[Opening RECORDS SHOWN section]

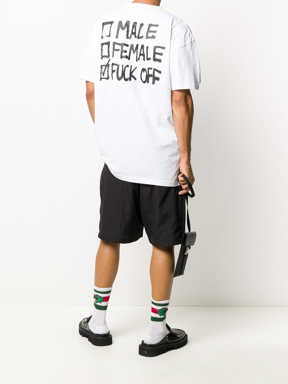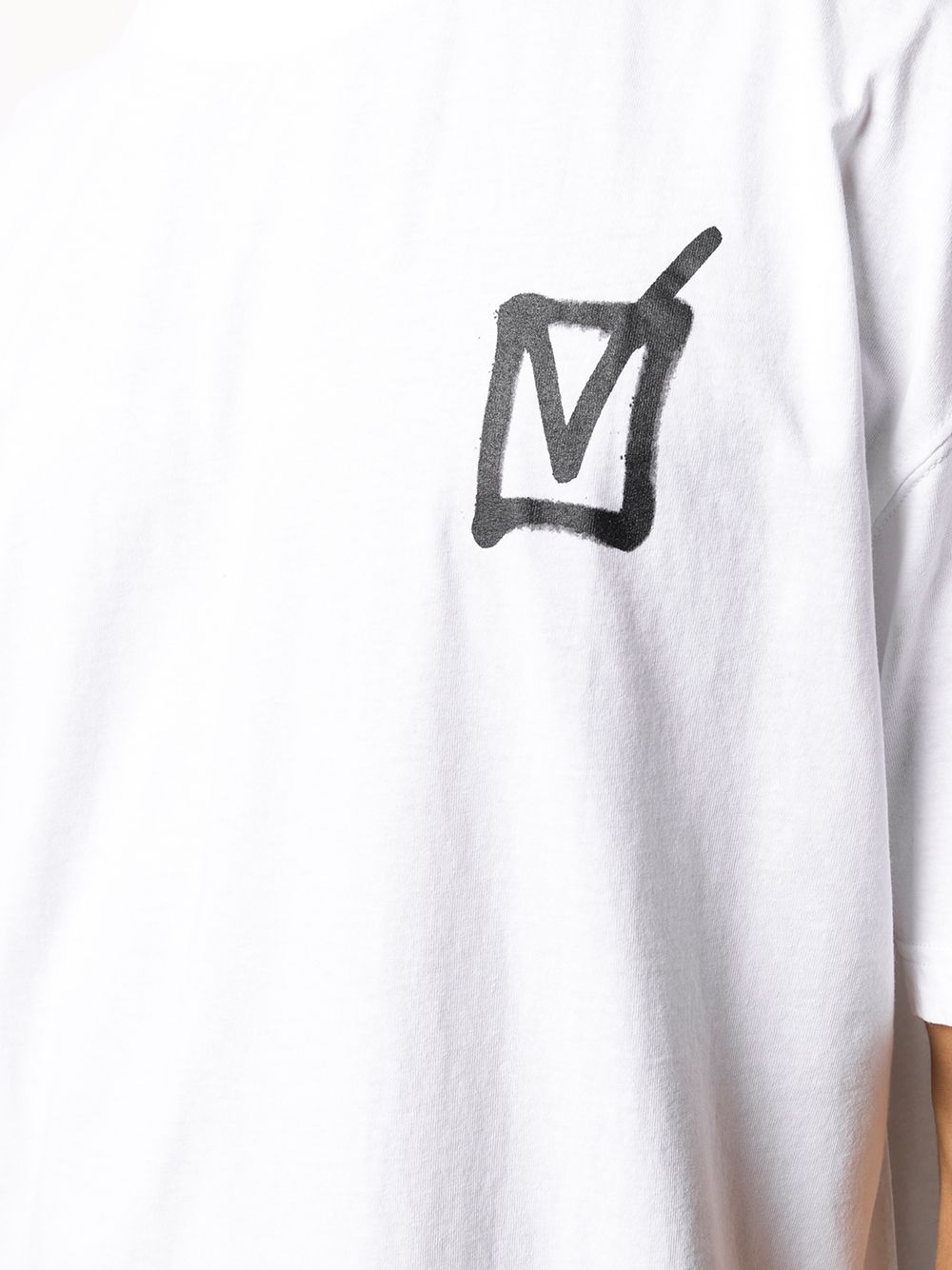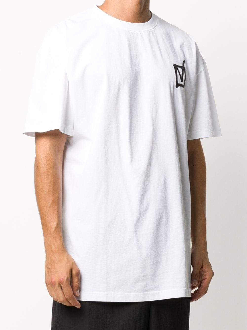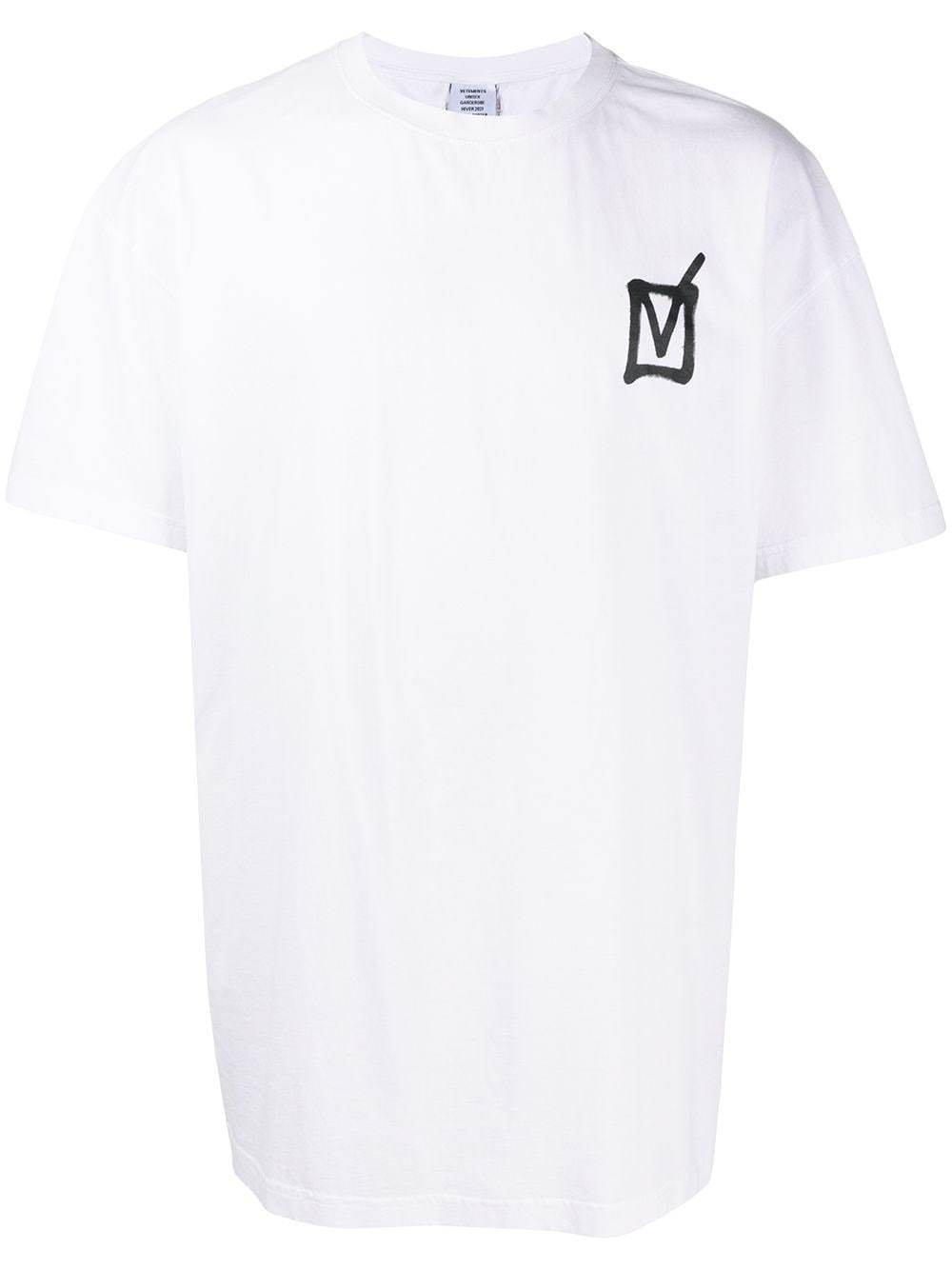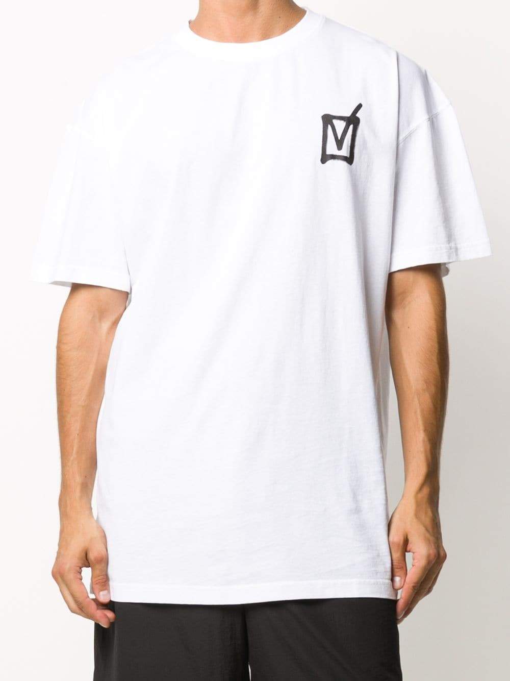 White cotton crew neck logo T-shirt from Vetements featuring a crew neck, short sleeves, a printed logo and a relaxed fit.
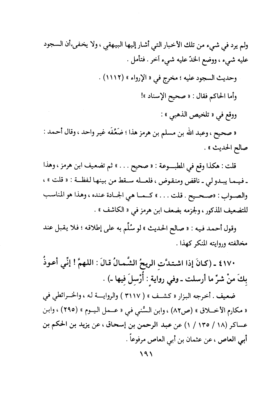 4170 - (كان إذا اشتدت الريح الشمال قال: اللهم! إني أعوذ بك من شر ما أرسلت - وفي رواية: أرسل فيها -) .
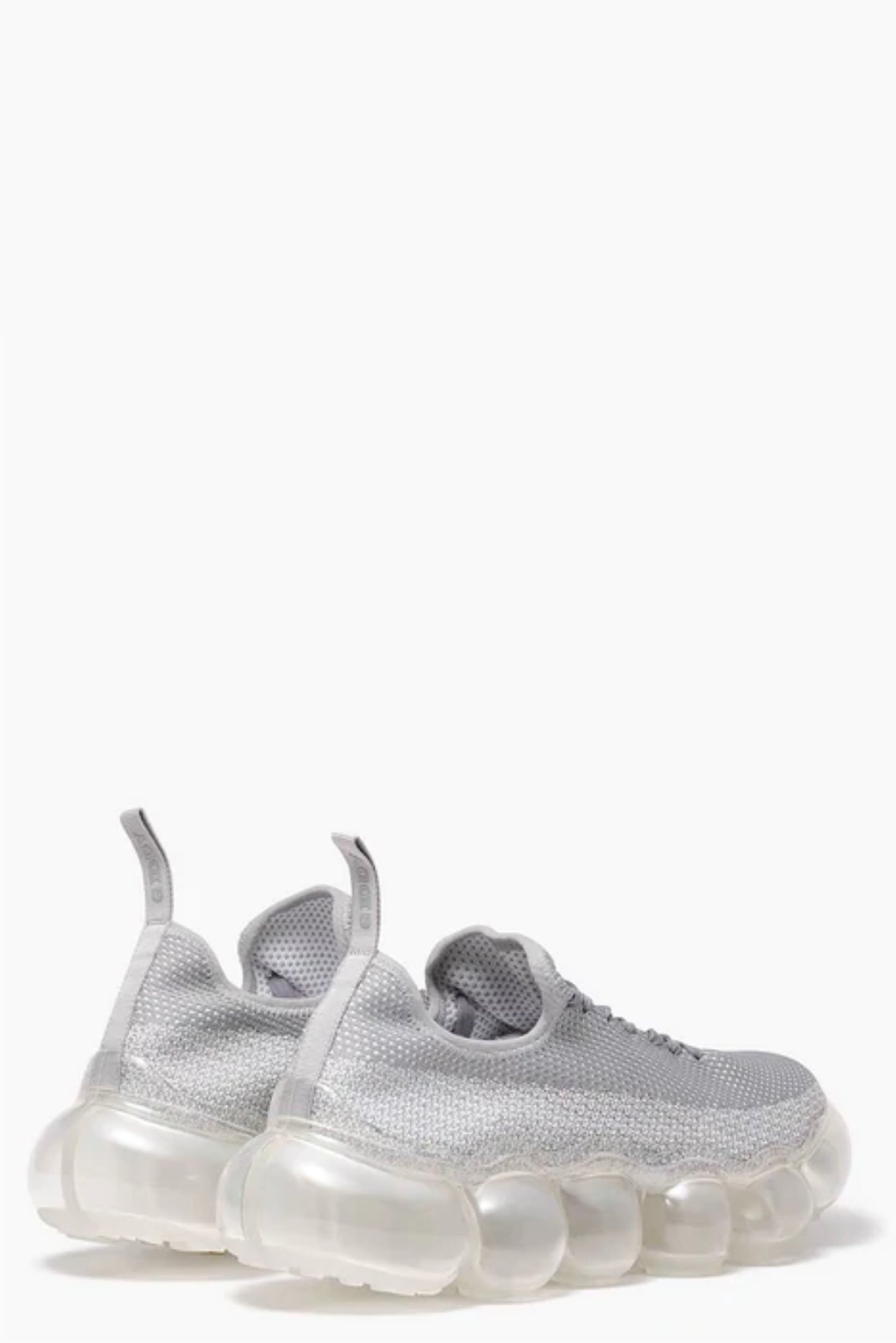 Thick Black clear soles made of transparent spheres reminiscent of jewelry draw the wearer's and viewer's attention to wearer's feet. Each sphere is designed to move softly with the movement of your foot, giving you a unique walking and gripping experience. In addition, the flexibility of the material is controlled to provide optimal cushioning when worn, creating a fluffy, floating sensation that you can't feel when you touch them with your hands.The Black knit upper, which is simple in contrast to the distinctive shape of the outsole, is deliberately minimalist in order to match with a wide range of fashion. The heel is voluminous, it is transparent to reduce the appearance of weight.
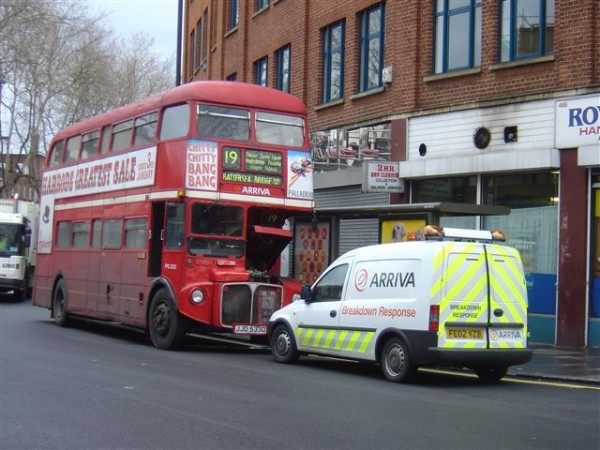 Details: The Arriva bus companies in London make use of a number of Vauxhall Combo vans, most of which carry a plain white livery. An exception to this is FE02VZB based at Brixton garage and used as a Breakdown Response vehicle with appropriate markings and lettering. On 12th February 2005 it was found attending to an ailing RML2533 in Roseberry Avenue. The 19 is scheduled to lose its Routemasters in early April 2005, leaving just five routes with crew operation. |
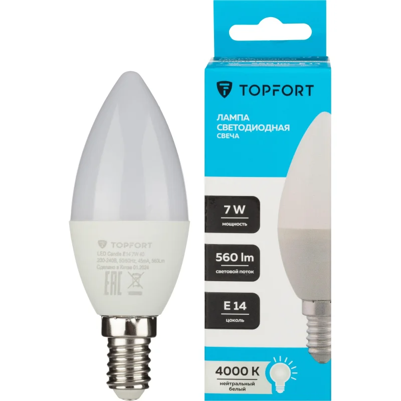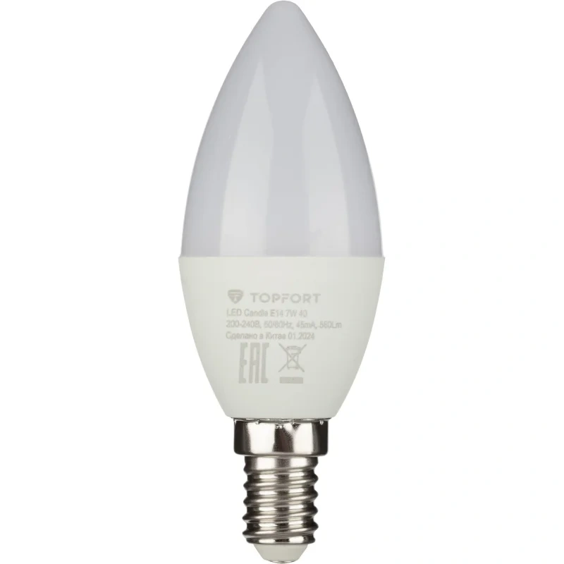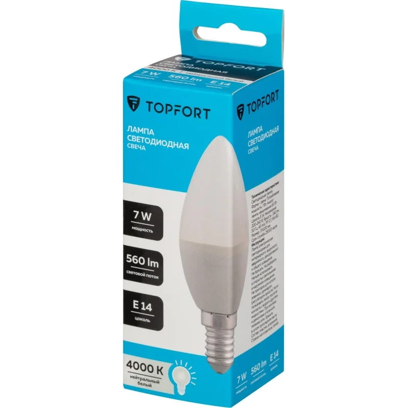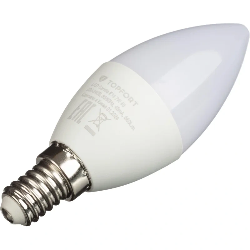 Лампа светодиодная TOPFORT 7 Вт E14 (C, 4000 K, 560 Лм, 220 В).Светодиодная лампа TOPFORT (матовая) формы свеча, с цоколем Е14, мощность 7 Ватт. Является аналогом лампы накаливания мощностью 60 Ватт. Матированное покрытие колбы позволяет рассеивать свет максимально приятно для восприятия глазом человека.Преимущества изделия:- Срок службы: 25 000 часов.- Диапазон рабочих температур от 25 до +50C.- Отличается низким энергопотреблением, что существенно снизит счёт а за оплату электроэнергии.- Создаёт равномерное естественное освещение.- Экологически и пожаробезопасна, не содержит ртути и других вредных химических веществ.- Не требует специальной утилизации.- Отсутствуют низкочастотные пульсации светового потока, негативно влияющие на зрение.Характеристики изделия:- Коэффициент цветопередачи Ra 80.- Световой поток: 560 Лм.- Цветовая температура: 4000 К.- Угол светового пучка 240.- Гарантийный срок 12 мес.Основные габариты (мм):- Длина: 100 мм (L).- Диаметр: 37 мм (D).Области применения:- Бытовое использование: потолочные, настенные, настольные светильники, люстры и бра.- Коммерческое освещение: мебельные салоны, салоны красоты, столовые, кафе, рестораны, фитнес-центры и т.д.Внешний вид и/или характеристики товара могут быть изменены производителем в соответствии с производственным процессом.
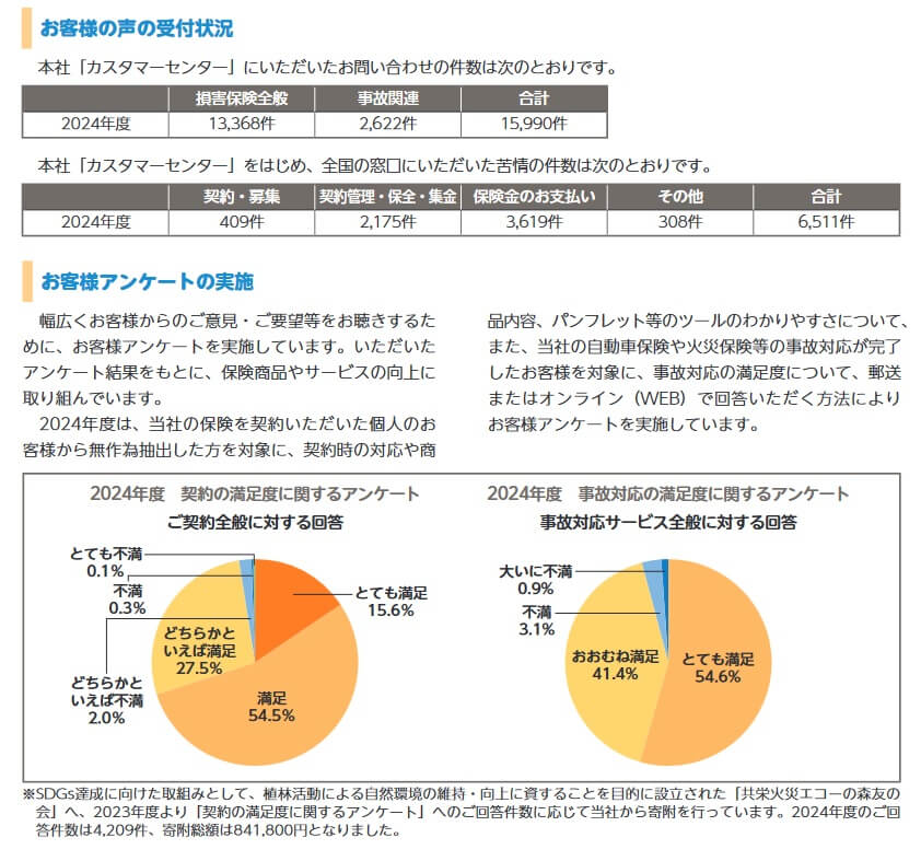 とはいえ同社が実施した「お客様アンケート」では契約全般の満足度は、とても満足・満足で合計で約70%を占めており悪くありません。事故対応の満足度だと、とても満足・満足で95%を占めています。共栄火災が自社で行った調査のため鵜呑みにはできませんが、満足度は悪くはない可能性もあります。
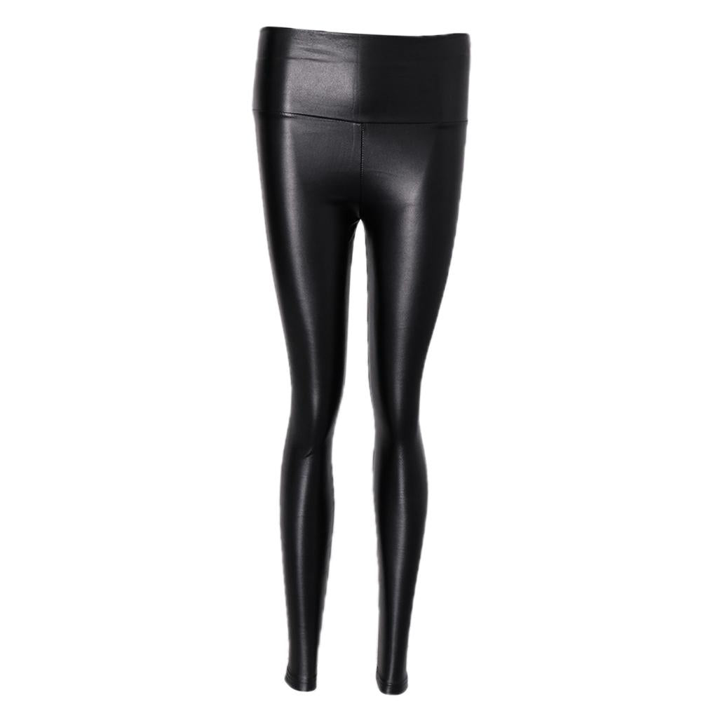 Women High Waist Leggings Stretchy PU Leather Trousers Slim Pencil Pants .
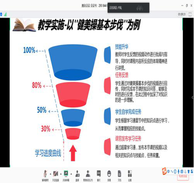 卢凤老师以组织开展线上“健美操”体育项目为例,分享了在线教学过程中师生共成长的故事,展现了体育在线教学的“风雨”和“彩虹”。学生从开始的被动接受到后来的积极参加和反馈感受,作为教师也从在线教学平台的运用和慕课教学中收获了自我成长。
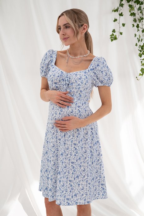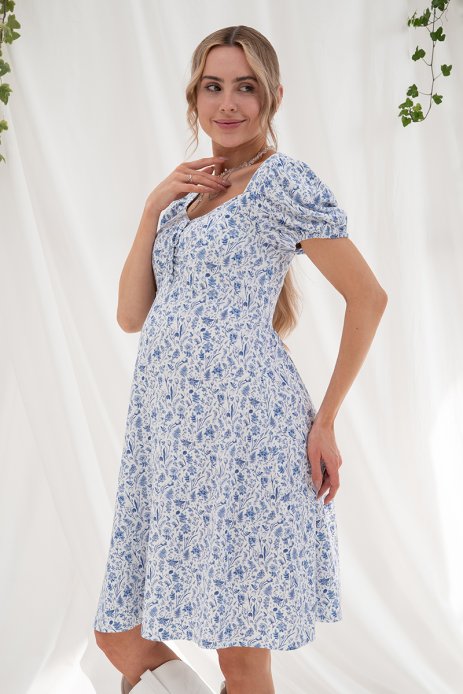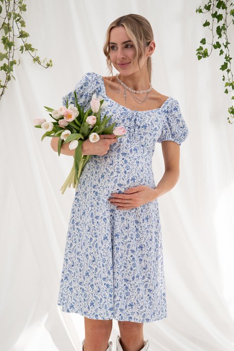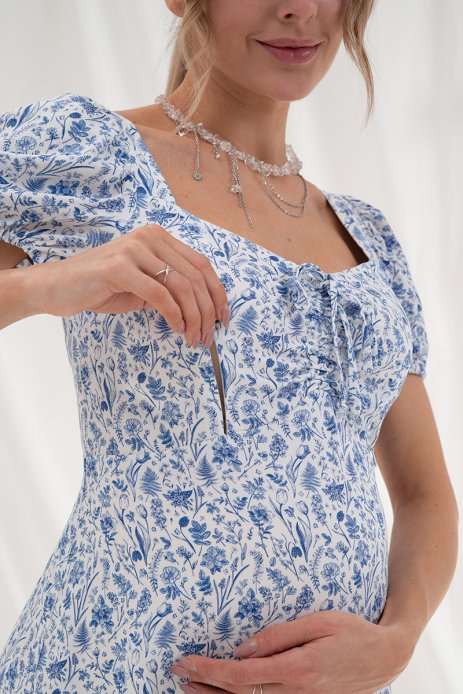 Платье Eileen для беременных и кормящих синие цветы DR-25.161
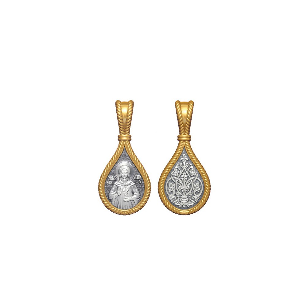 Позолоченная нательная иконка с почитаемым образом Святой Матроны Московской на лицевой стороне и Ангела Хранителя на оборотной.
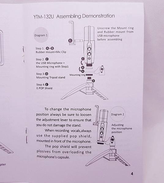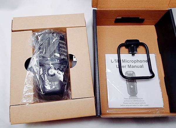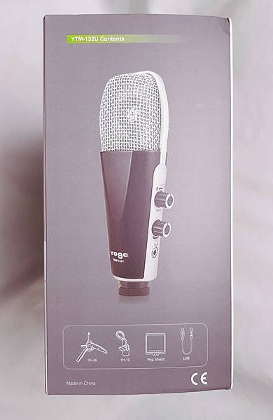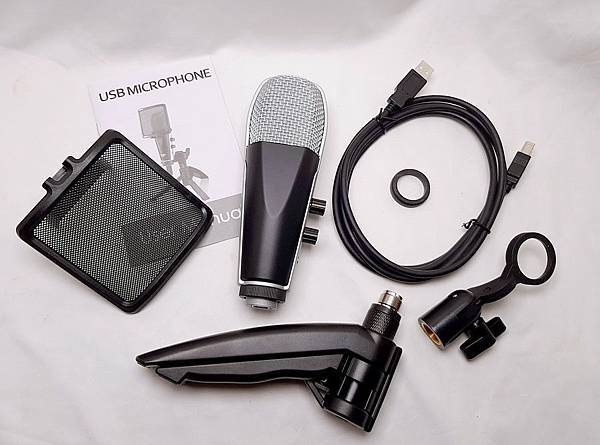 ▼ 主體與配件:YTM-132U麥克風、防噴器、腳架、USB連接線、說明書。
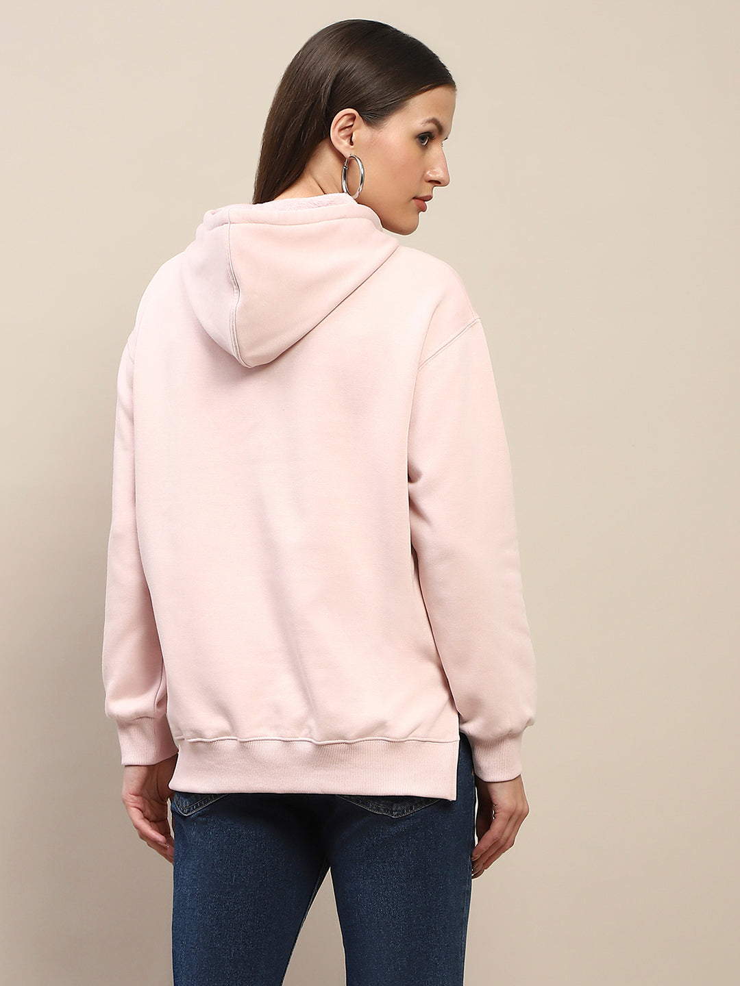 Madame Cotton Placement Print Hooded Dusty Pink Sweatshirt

[Closing RECORDS SHOWN section]

> [WHAT YOU ARE ASKED TO DO]:
Exact repetition is the task: every line from the start of the data to the line with "4170 - (كان", inclusive, and none after it, pictures omitted.

> [ANSWER TO THE PROBLEM]:
 White cotton crew neck logo T-shirt from Vetements featuring a crew neck, short sleeves, a printed logo and a relaxed fit.
 4170 - (كان إذا اشتدت الريح الشمال قال: اللهم! إني أعوذ بك من شر ما أرسلت - وفي رواية: أرسل فيها -) .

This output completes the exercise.